With the passage of time and memory, some have suggested that King would have supported the Palestinians, if only his life hadn’t been cut short by assassination in 1968. So argued New York Times columnist Michelle Alexander on last year’s Martin Luther King Day. Her conclusion: “If we are to honor King’s message and not merely the man, we must condemn Israel’s actions.”

But as I pointed out in an essay last March, King didn’t lack opportunities to condemn Israel while he lived, during the twenty years between 1948 and 1968. Instead he praised it.

Not only that: he knew the “plight” of the Palestinians perfectly well, having visited Jordanian-held East Jerusalem in 1959, where he got a tutorial over dinner from the leading lights of Arab Palestine. Yet he never left a quote in support of any aspect of the Palestinian Arab cause.

This is a source of Palestinian frustration on every Martin Luther King Day, since supporters of Israel have their pick of King quotes that favor Israel (“an oasis of brotherhood and democracy,” in King’s words). A few years back, I myself validated the origins of one of the most contentious of these quotes: “When people criticize Zionists, they mean Jews. You’re talking anti-Semitism!”

It’s not that King didn’t have a solution in mind for the region. He believed that the Palestinian refugee problem, if not the Arab-Israeli conflict as a whole, could best be resolved through “a Marshall Plan for the Middle East, where we lift those who are at the bottom of the economic ladder and bring them into the mainstream of economic security.” Today that would be called “economic peace,” and it’s had a succession of champions, up to and including Jared Kushner.

On one occasion right after the 1967 war, King echoed the proposition that Israel should trade land for peace with the defeated Arab states: “I think for the ultimate peace and security of the situation it will probably be necessary for Israel to give up this conquered territory because to hold on to it will only exacerbate the tensions and deepen the bitterness of the Arabs.” (This was in a televised interview on June 18.) His position was in line with the emerging American view that Israel’s conquests, while neither illegal nor immoral, should be exchanged for peace.

And this was pretty much the outer limit of King’s vision for the Arabs.
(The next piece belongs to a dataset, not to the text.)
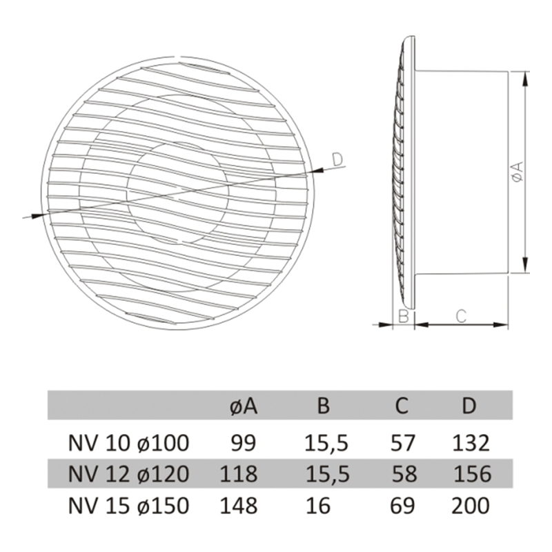 Вентилатор DOSPEL NV15, подходящ за продължителна или прекъсната работа в малки или средни битови, санитарни и търговски помещения; за монтаж на стена таван или окачен таван, може да се използва като топлообменник между съседни помещения.

True, his carefully worded support of Israel wasn’t ebullient, and he never got around to visiting it. (The 1967 war scuttled his one concrete plan to do so.) There is also clear evidence that he wished to be seen as balanced in his approach to peace. But he regarded Israel’s creation as just (he said Israel had “a right to exist”), and whatever cost it involved was an unfortunate injury that needed repair, not a moral blight on the scale of Vietnam or segregation.

A Reciprocal Deal?

It’s sometimes claimed that King kept his silence on Israel to win Jewish financial or political support for the civil rights movement. That’s the claim of UCLA historian Robin D.G. Kelley in a recent article. King was “growing more critical of Israel but remained silent” for fear of “losing valuable allies and financial support.” He didn’t want to “further jeopardize what was already a dwindling funding stream.”
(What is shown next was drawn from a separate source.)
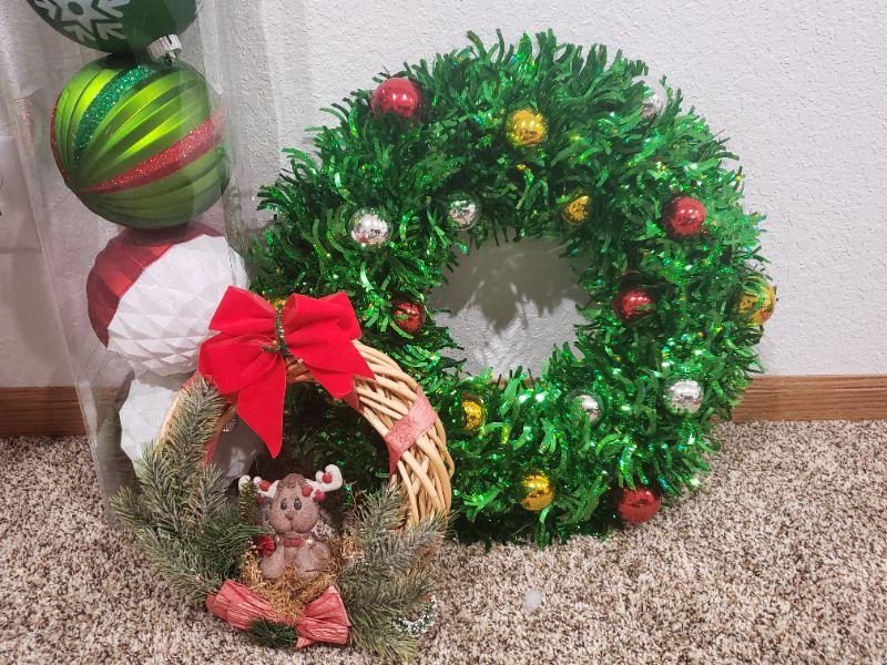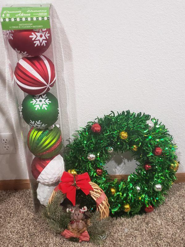 Lot 248: Large Christmas Ornaments & 2 Wreaths

One imagines that King’s advisers never lost sight of the money. But this notion of a quid pro quo takes no account of the spiritual dimension of King’s ties to Zionist Jews. The two who were closest to him were refugee rabbis from Hitler’s Europe, who regarded the creation of Israel as redemption. And just as the Holocaust drove their passion for civil rights, it steeled their devotion to Israel.

The first was Joachim Prinz (1902-1988), a social activist, pulpit rabbi, and Zionist organizer, who personally knew nearly all of Israel’s leaders. Prinz allied himself with King in 1958, and at the 1963 March on Washington, he spoke in the slot before King’s historic address. The following year, Prinz consciously emulated King’s protest tactics by getting himself arrested near the Jordanian pavilion at the New York World’s Fair. (The pavilion featured a “bigoted” mural putting the blame for the Palestinian refugee problem on Israel.) That summer, Prinz told Golda Meir: “It is the greatest tragedy of my life that I did not come to Israel.”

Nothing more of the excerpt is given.